Wow I don't know what kind of math I was doing! 
So it's like 1100' long X 10' wide. Get a tractor.


----------



## heather lawn spray (Mar 11, 2003)

swtiih;1106201 said:


> 1/4 acre driveway are you saying this is 50 x 50.
> How much snow does your area get annually?
> If you are just plowing your driveway you will not ruin your truck.
> I would buy a used plow in the spring since you aren't buying till next year and the prices will be cheaper then now.


50 X 50 is not a quarter of 200 x 200 it is one sixteenth


----------



## heather lawn spray (Mar 11, 2003)

grass disaster;1106066 said:


> we recently purchased some land. only down fall is the loooong gravel driveway.
> 
> what do you guys sugest i get to remove some snow.
> 
> ...


a used compact tractor 25 to 35 hp with a 4 foot to 6 foot blower would work well. Plow trucks on gravel driveways require alot of practiced technique


----------



## BlizzardBeater (Aug 29, 2010)

I know you think you might not need a tractor but trust me, especially with 40 acres if you buy one you wont know what you did without one. It seems expensive at first but a compact diesel with a blower and a bucket would be perfect. Trust me, you never know you needed one until you have one lol. They do so many things. A blower on a subcompact will clear that easily.


----------



## grass disaster (Oct 26, 2006)

it be more than the driveway, around the house and shed too.

how big should i likely go.

what can i expect to pay for a nice set-up? 
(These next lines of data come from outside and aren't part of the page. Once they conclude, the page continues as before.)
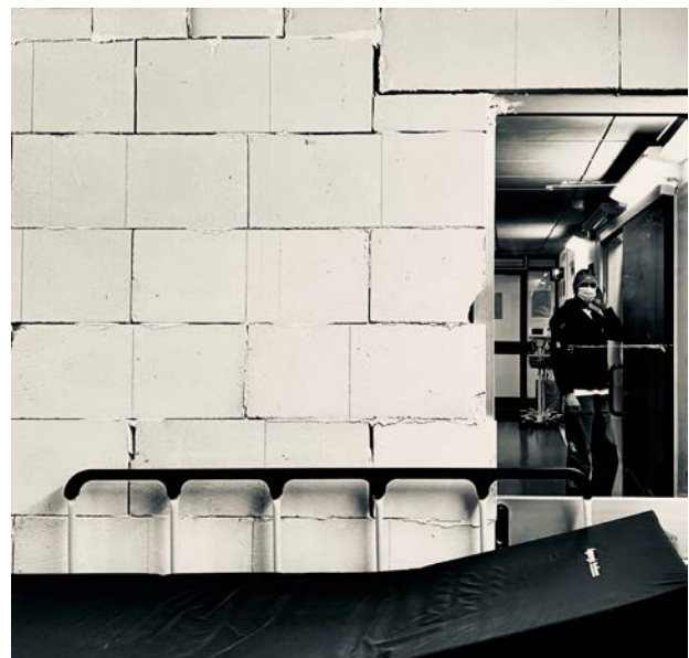
Foto 2. The Wall, il muro tra il reparto CoViD e il resto dell'ospedale.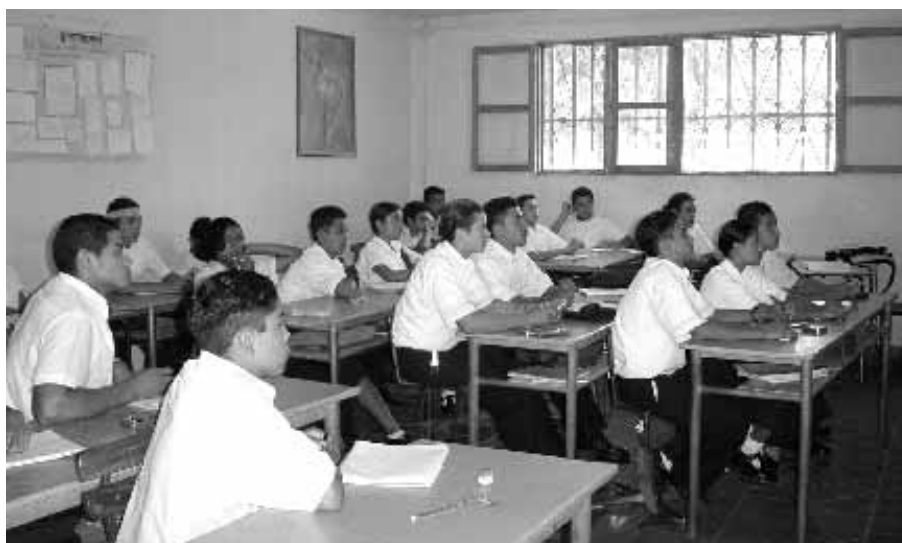
Alumnos del Instituto DIANOVA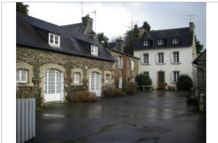
Vue d'ensemble Villa Jouan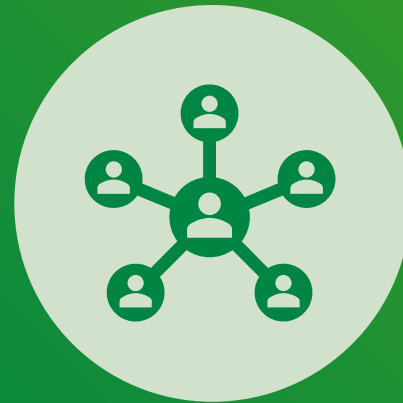
Beleidsadviseur medisch-ethische zaken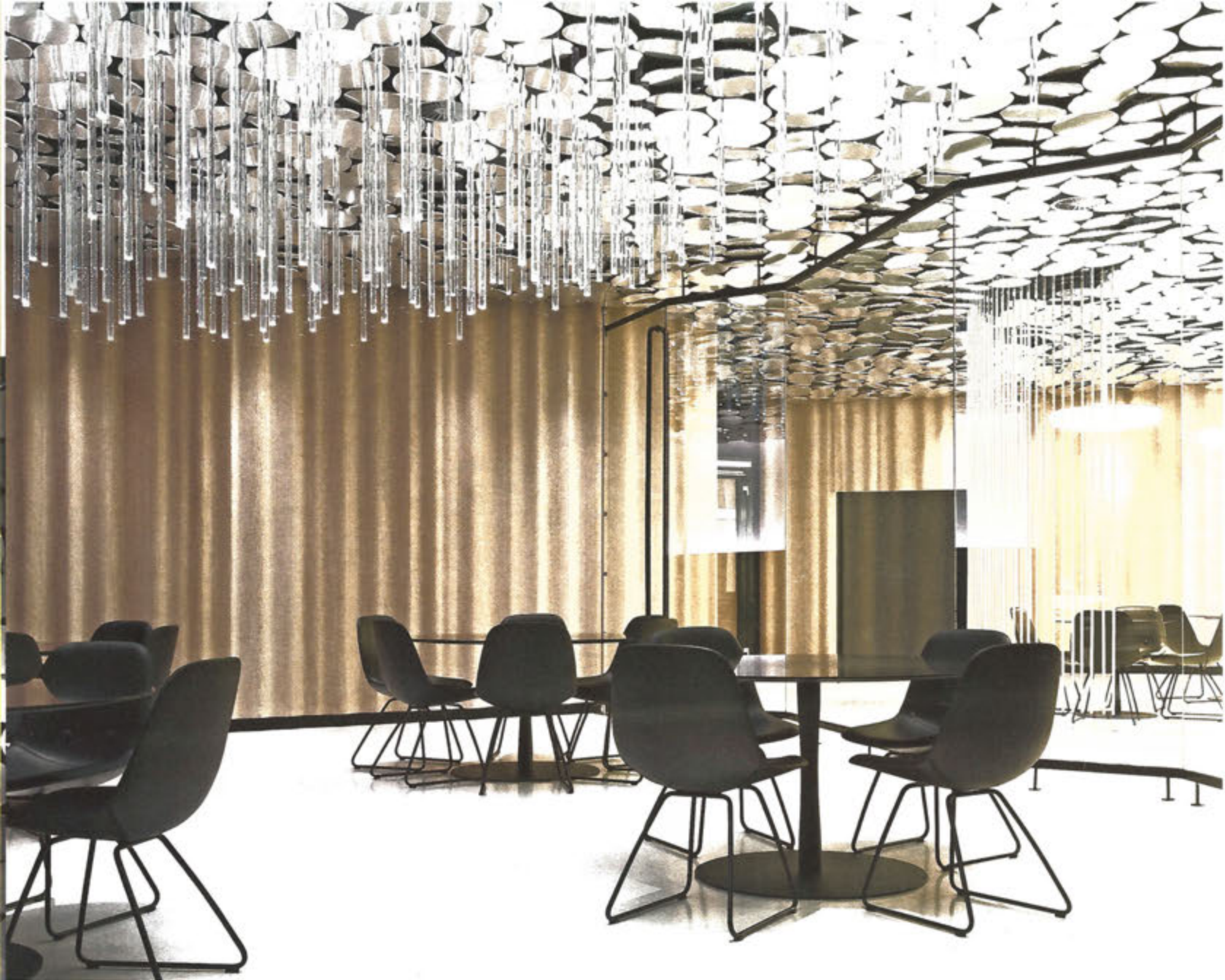
Sonderinstallation: 243 polierte Acryl-Stalaktiten wachsen von der Decke herab und definieren einen Bereich, der abgetrennt werden kann. (o: ZB, re: MT)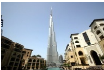
Dubai – Burj Dubai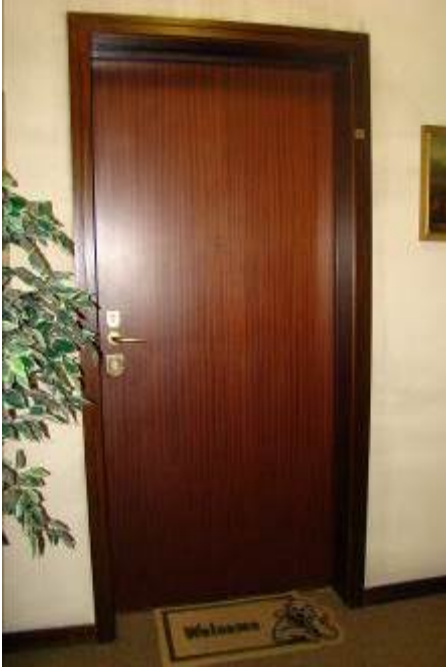
5. Vista della porta di accesso all'alloggio.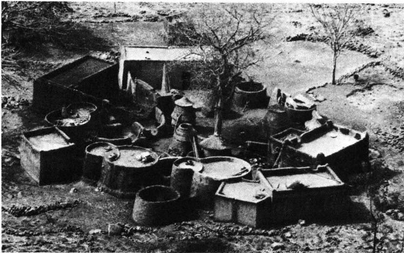
Sauvegarder les traditions: ici, beauté de l'architecture de terre d'une habitation rurale en Haute-Volta.

L'utilisation des ressources locales ou leur rejet soulève un problème idéologique qu'il faut élucider avant d'aller plus loin. Certains pensent que c'est par l'adoption de normes modernes que les populations rurales pourront un jour accéder au confort et aux commodités occidentales; ils s'imaginent qu'en se servant des matériaux traditionnels et de la technologie locale on interdit au futur habitant toute possibilité de mieux vivre. Il est évident qu'il faut apporter à ces populations des éléments indispensables — encadrement sanitaire, développement des pratiques hygiéniques, etc. — sans toutefois leur imposer des modèles étrangers souvent coûteux et inadaptés à leur attente. L'amélioration des techniques déjà utilisées constitue une aide efficace s'intégrant parfaitement à leur économie et leur mode de vie, et plus adéquates que l'importation de technologies élaborées. Ainsi, l'incorporation d'autres produits ou le dosage différent des matériaux traditionnels suscitent des mortiers ou des briques d'une qualité supérieure.

do most tractors have the blower in back?


----------



## swtiih (Nov 30, 2008)

heather lawn spray;1106381 said:


> 50 X 50 is not a quarter of 200 x 200 it is one sixteenth


my mistake you are correct 1/4 acre is approximately 11,000 sf.
I would agree with a small tractor , then you have something around for the other things that come up


----------



## BlizzardBeater (Aug 29, 2010)

For a compact diesel, a mid 20 horse model should do you just fine. A 30 horse would be excellent, probably overkill though. You can get a blower in front or rear. The plus to a rear mount blower is that you can keep the loader on the front, unfortunately it means you have to look backwards. Its personal preference really. New, you can expect a little over $20,000 for a decent kubota or john deere. A little less or a little more depending on model and attachments, but it'll last you a liftetime. You may be able to find a good used one for less.


----------



## SkiJohnnyB (Jul 25, 2009)

Put a mid-weight plow on your truck and don't sweat it. The plow will not harm a 3/4 ton truck. My driveway is 15' wide and 600' long. It takes me much less time to do it with the truck and plow than it would with a tractor and blower. Plus, the plow is on my daily driver so I get in put my coffee in the cup holder, one pass out, one pass back, clean off the 40x50 pad in front of my garage and off to work. Warm, dry.....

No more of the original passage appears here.